Sadly investors probably care very little from a financial position as to whether a drug works or not, as their exit usually happens somewhere between trials at Phase 1 and Phase 2. Earlier in the longevity market because it is hot.

I've put together Request for Startup lists for the longevity industry for the past few years, based on fairly detailed insight into the state of the science.

https://www.fightaging.org/archives/2019/02/request-for-star...

https://www.fightaging.org/archives/2017/12/request-for-star...

https://www.fightaging.org/archives/2016/12/request-for-star...

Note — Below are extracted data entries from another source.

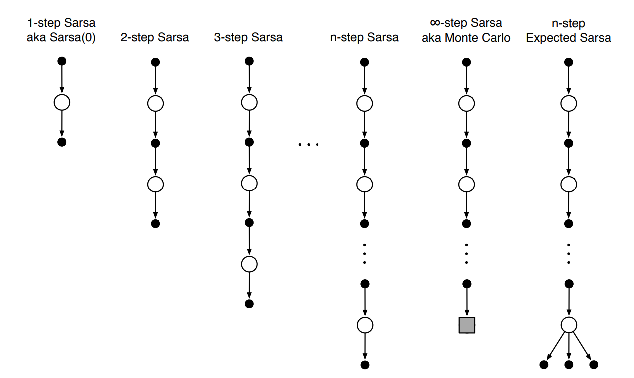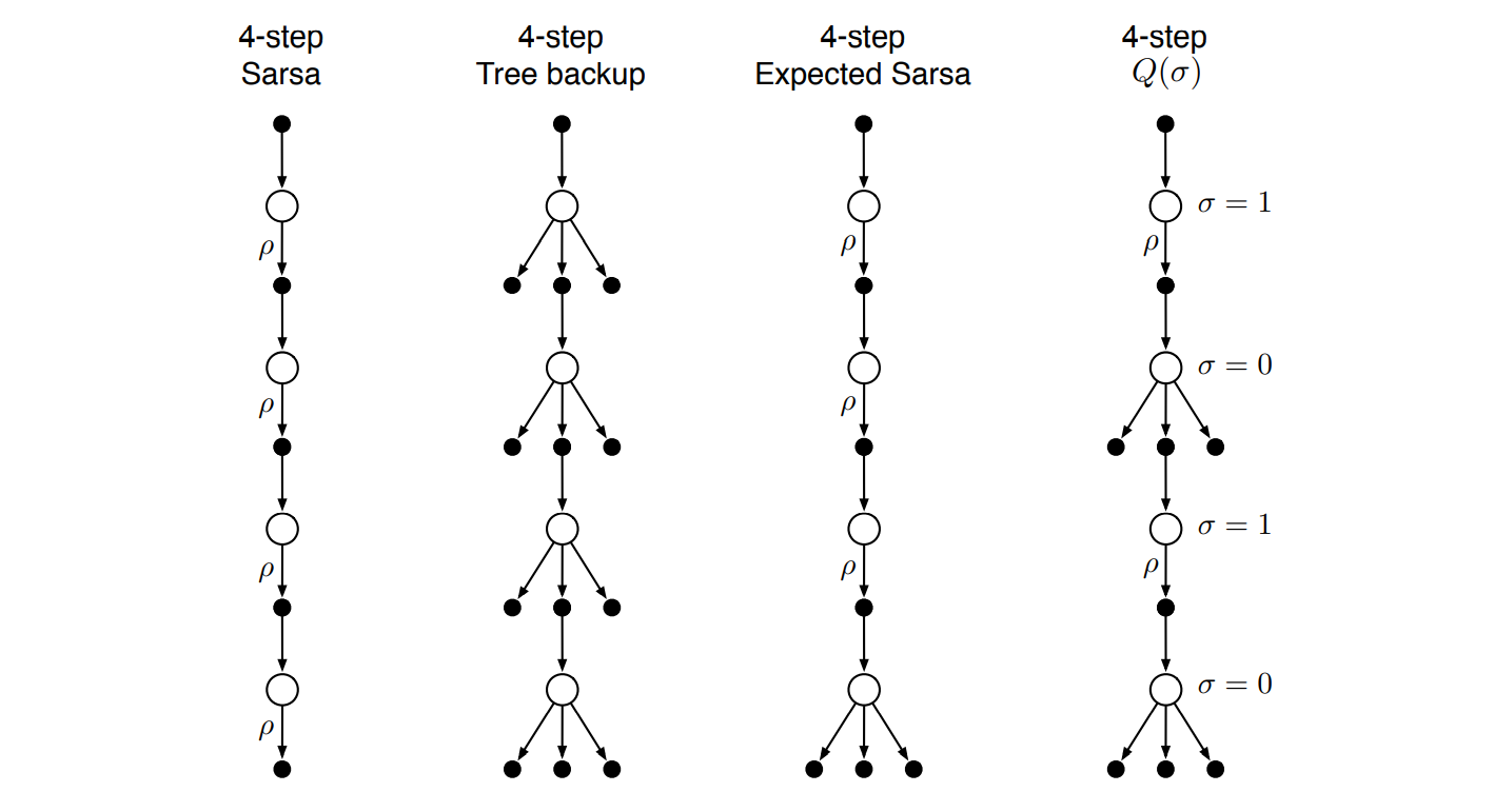 - $n$-step Expected Sarsa: 擁有完全的採樣轉移,除了最後一個 狀態到動作 (state-to-action)
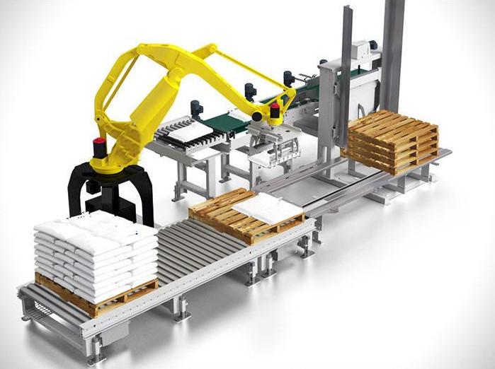 碼垛機是將已裝入容器的紙箱,按一定排列碼放在托盤、棧板(木質、塑膠)上,進行自動堆碼,可堆碼多層,然后推出,便于叉車運至倉庫儲存。本設備采用PLC+觸摸屏控制,實現智能化操作管理,簡便、易掌握。可大大地減少勞動力和降低勞動強度。碼垛機是輸送機輸送來的料袋、紙箱或是其它包裝材料按照客戶工藝要求的工作方式自動堆疊成垛,并將成垛的物料進行輸送的設備。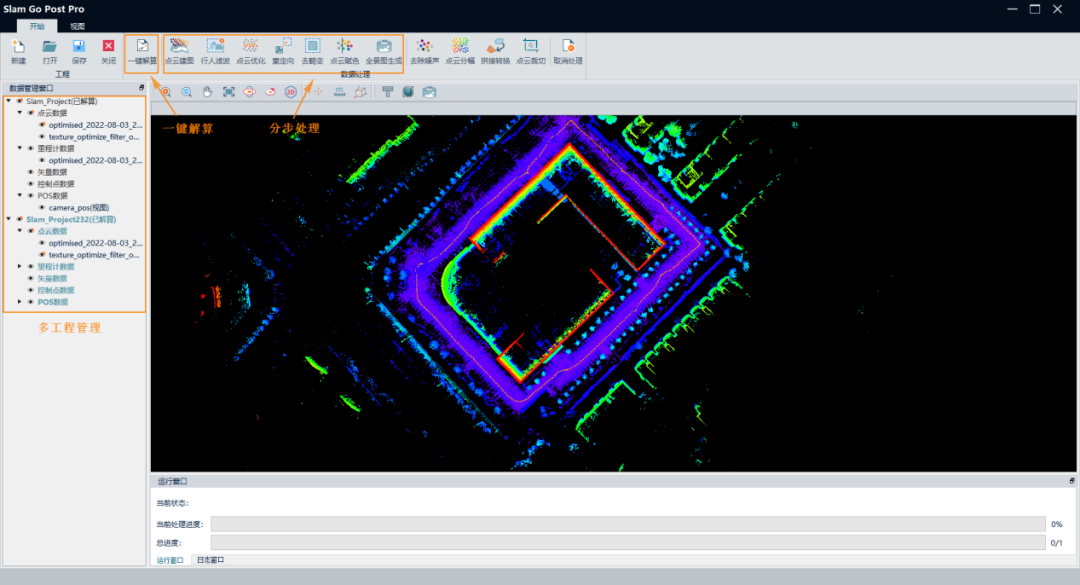 ♦ One-click processing: One-click processing for a certain project, the software will sequentially perform steps such as point cloud mapping, pedestrian filtering, point cloud optimization, and redirection, and directly output the final standard results.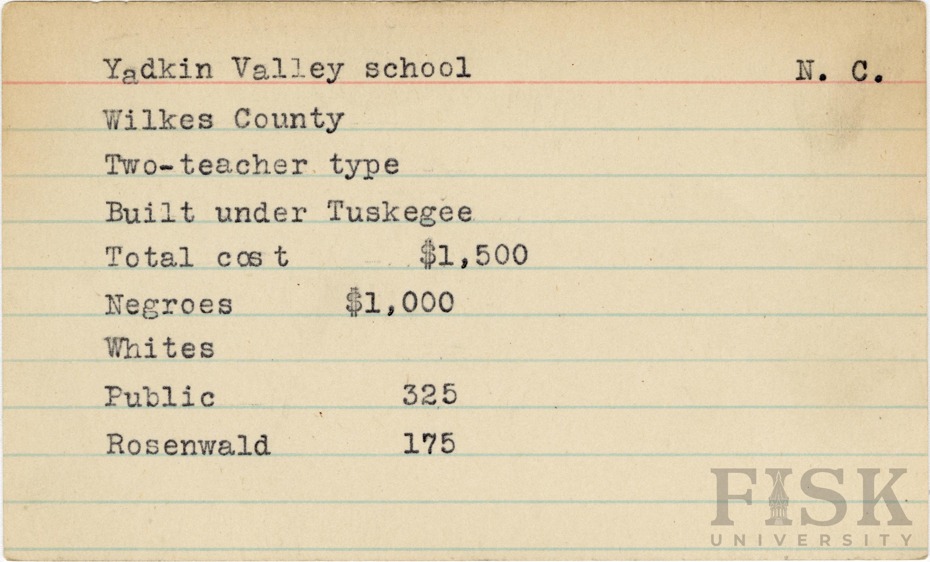 - Julius Rosenwald Fund--Buildings, African American schools--History--20th century, African American schools--Yadkin Valley School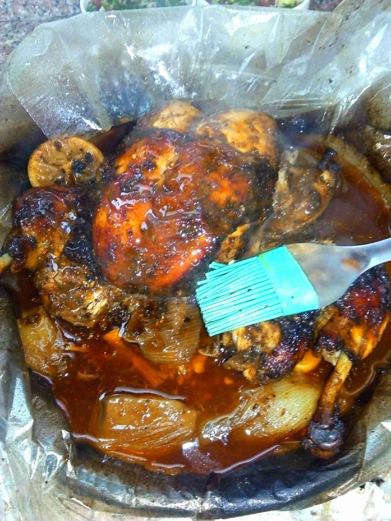 وبس نطلعها من الفرن بندهنها من الخلاصة اللي تحتها من صوص ودهن الدجاجة لتعطيها لون ولمعه رائعه.

Because things move slowly in biotech, just about everything in these documents except for more senolytics is still valid.

2 comments

Love your blog! Recently got interested in longevity research, as I was surprised how much closer to reality it is than I imagined, and also as a possible future industry to work in, and your blog has been one of the best resources to both get up to speed on the topic and also keep up to date!

As you are as familiar as few people are with the topic, I'd like to ask you for some advice, if possible: What do you think is the best way for someone like me (currently biochem undergrad, with ~7 years broad software engineering experience), to have an impact in the field?

Any bio* field can lead to working on treating aging; at undergraduate level you have tremendous flexibility as to which direction you take. For now build connections. Go to the conferences where industry meets science and meet people (Undoing Aging, Ending Age-Related Diseases, Longevity Therapeutics, Longevity Leaders, etc). Figure out who the people are you'd like to work with. Either for the corporate path of interning with companies working on aging, leading to a scientific position with one such company, or for the academic path of postgraduate work with a research who is doing something in aging that you find interesting.
Thanks for the response!
Dude, you are on it! Congratulations.

(FWIW, I think that space colonization will only be practical if we develop either FTL or longevity (live to 1000+) and the latter seems way more doable than the former, eh?)